You cannot hide anymore.
Your fetishes will be exposed, says Brian Stelter in the New York Times this
week. Your hoaxes will be outed. Your secrets will be laid bare. The Interweb's combination of ruthless inquisitiveness and infinite access to information will reveal you if you are a fraud,
exonerate you if you are a hero, let your cream of wheat rise to the top and leave your chaff by the wayside.
Lesbian bloggers will be revealed to be middle-aged men. Kissing couples will be
tracked down and identified. Pictures of weiners will be traced to their owners.
Right now, these things are happening with enough infrequency that we find them shocking. "What? He
sexted? I can't believe it!" But what happens when the relentless march of transparency reveals that the majority of us are engaging in shocking behavior?
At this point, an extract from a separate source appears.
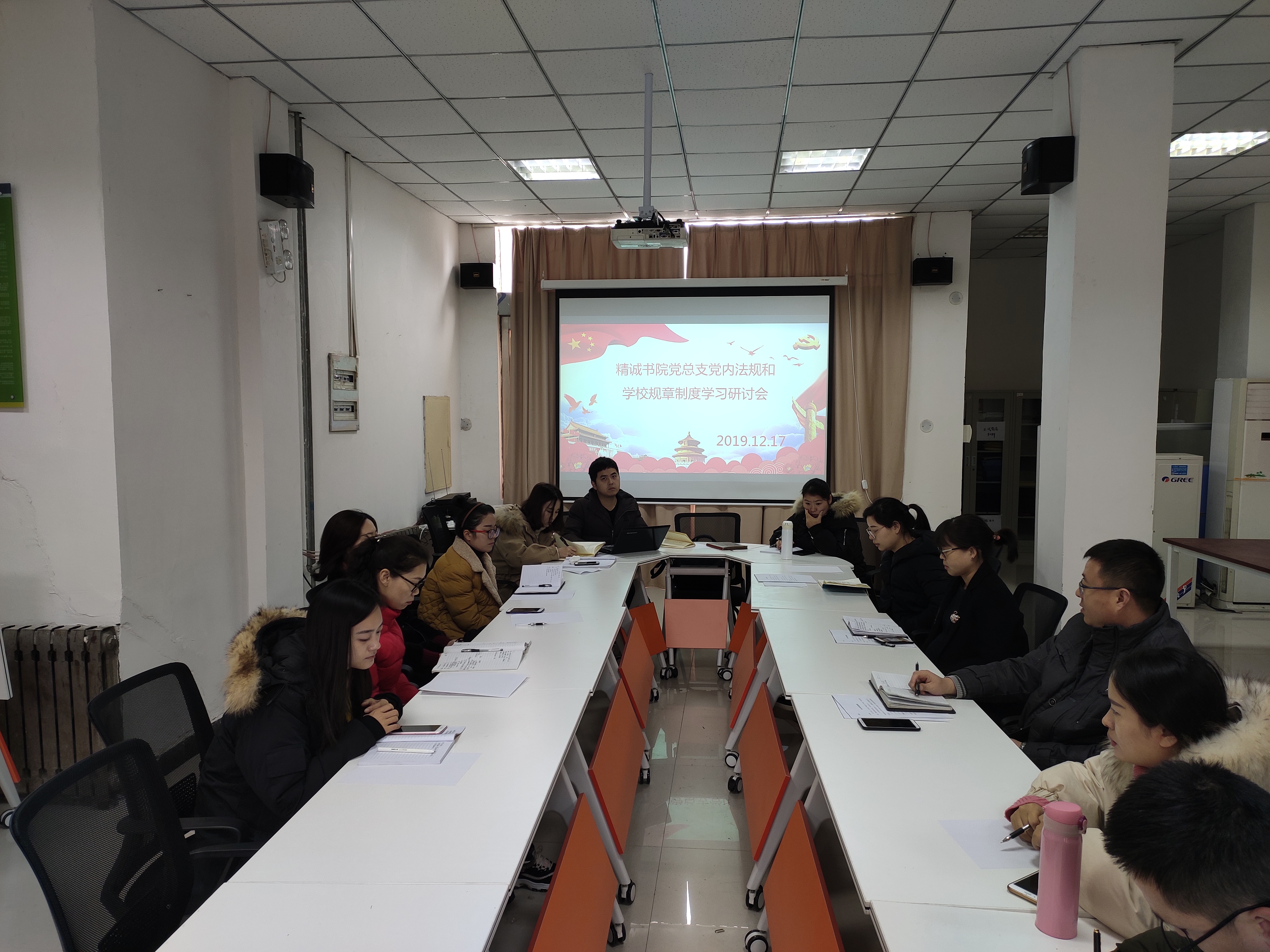 2019年12月17日,精诚书院党总支在党员活动室召开了党内法规和学校规章制度学习研讨会,会议由精诚书院党总支书记张新主持,全体教职工党员参加。

What happens, for example,
when we learn that 60% of people smoke pot on a casual basis? Do we legalize or prosecute? What happens when 80% of politicians are embroiled in sex scandals? Do we wipe the slate clean and reboot
government with all new players -- all, of course, equally human and equally likely to fall prey to the same temptations of iniquity?
advertisement
advertisement
I used to be a fanatic follower of the Tour de France,
until one too many doping scandals eradicated the last of my respect for -- and the last of my trust in -- the riders. This is the cycle of scandal: from trust, to betrayal, to shock, to forgiveness,
to betrayal again, to feelings of stupidity, to cynicism, to apathy.
And with enough reference cases, we extrapolate our mistrust to the entire population. I now have no faith in the blood
purity of Tour cyclists, whether or not they have ever been under suspicion. I am not surprised at all when people in power are outed for infidelity; in fact, I can't believe any of us are, or
that it's even a story. ("South Park"'s Trey Parker and Matt Stone can't believe it either, judging by the politically incorrect "Sexual Healing" episode.)
Add to this the fact that the availability of additional information often
has little bearing on how factually informed we are. As of last August, nearly 20% of Americans
believed President Obama was a Muslim. The Great Wall of China cannot be seen from space with the naked eye. And lemmings are not suicidal (but Disney filmmakers are evidently lemming-cidal).
My hope and belief is always this: that greater transparency creates the conditions
for transformation, that if we can see each other clearly, we can better understand each other and, in so doing, create a better world. Longfellow said, "If we could read the secret history of
our enemies, we should find in each man's life sorrow and suffering enough to disarm any hostility."
But the very grave danger we face is that increased transparency just leads to
increased noise and therefore increased confusion - and that an infinitude of conflicting information simply drives us to not trust any information. That the more the foundation of our trust
is excavated, the less informed we feel, and the less informed we are.
There are those among us who will respond to the demise of privacy by doing the right thing. There are those who will
use the transparency offered by the Internet to bring injustices to light and wrongs to right. And there are those who will not. Because, at the end of it all, the Internet makes us neither smart nor
moral. That, my friends, is up to us.